- [COLLECTED DATA]
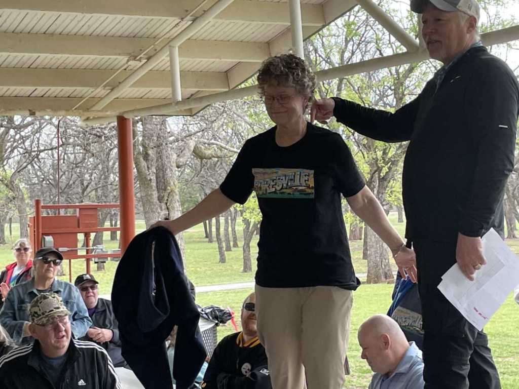 The next morning, instead of a breakfast event, there was a geocaching version of the Highland Games! It began with breakfast “stimulants” (donuts, coffee, juices, etc.) and continued with an ammo can toss (with different can weight categories), a balloon stomp (competitors have balloons tied to their ankles, and the last person with an un-popped balloon wins), and dog caching (each human and canine team had to find caches with treats in them), among other events.
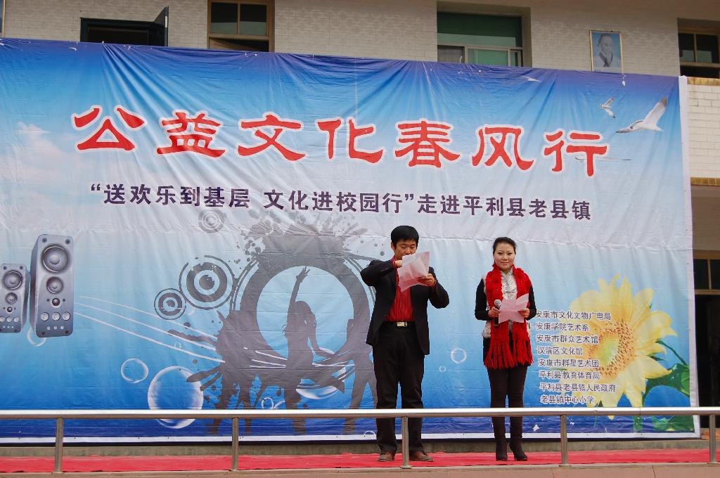 由安康市文化文物广电局主办,伟德bv国际体育官方网站艺术系、安康市群艺馆、安康市青少年宫等单位承办的我市一年一度的“文化艺术三下乡”活动,于2011年1月14日在平利县老县镇拉开了帷幕,受到当地领导和群众的热烈欢迎。
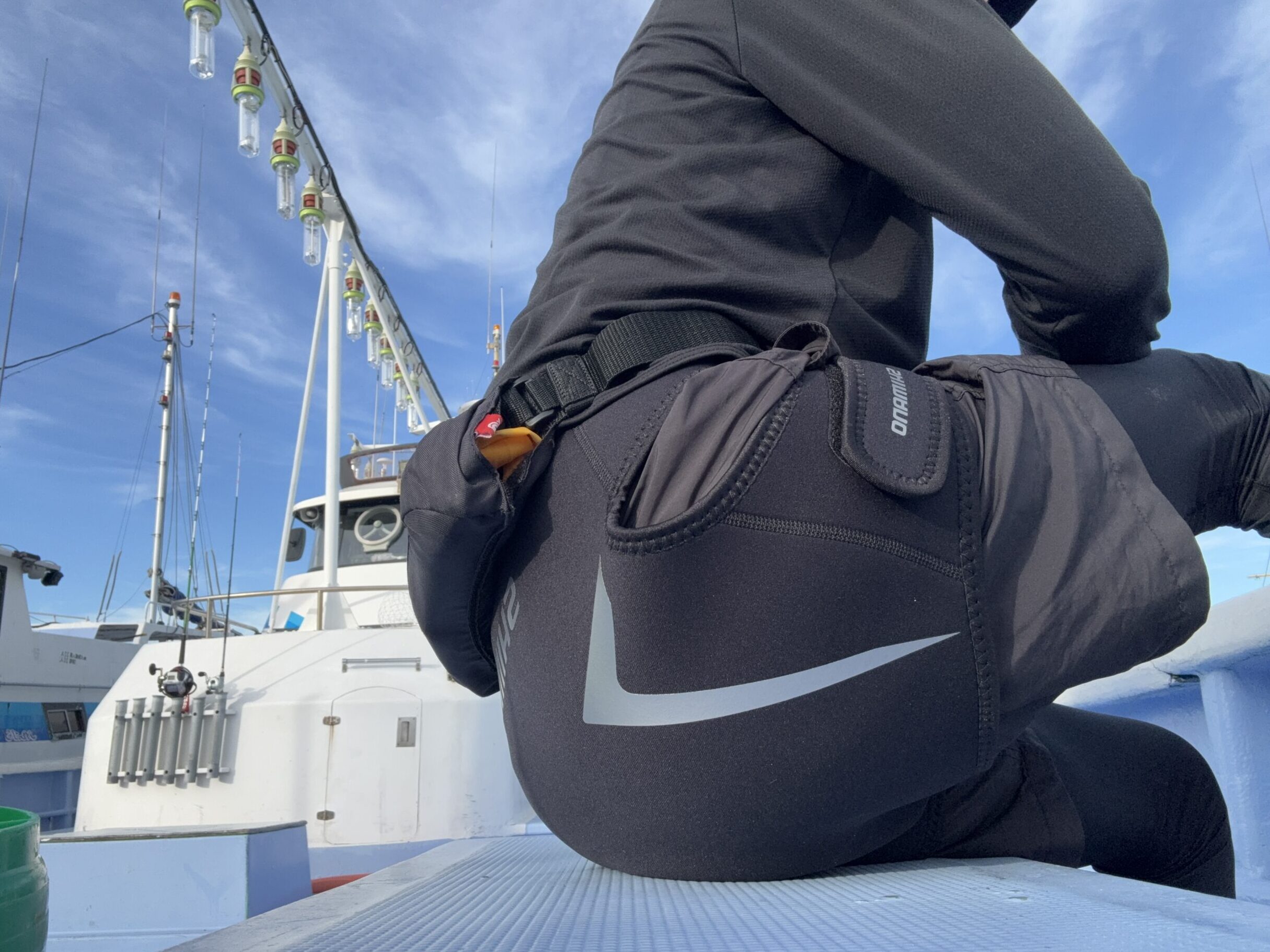 それに対し”ヒップガード”も軽いのは同じですが、一度装着してしまえば、釣りを終えて船を降りるまで気にする必要がありません

- [PROBLEM TO SOLVE] Output the full material exactly as given, without its pictures.

- [YOUR SOLUTION]
 The next morning, instead of a breakfast event, there was a geocaching version of the Highland Games! It began with breakfast “stimulants” (donuts, coffee, juices, etc.) and continued with an ammo can toss (with different can weight categories), a balloon stomp (competitors have balloons tied to their ankles, and the last person with an un-popped balloon wins), and dog caching (each human and canine team had to find caches with treats in them), among other events.
 由安康市文化文物广电局主办,伟德bv国际体育官方网站艺术系、安康市群艺馆、安康市青少年宫等单位承办的我市一年一度的“文化艺术三下乡”活动,于2011年1月14日在平利县老县镇拉开了帷幕,受到当地领导和群众的热烈欢迎。
 それに対し”ヒップガード”も軽いのは同じですが、一度装着してしまえば、釣りを終えて船を降りるまで気にする必要がありません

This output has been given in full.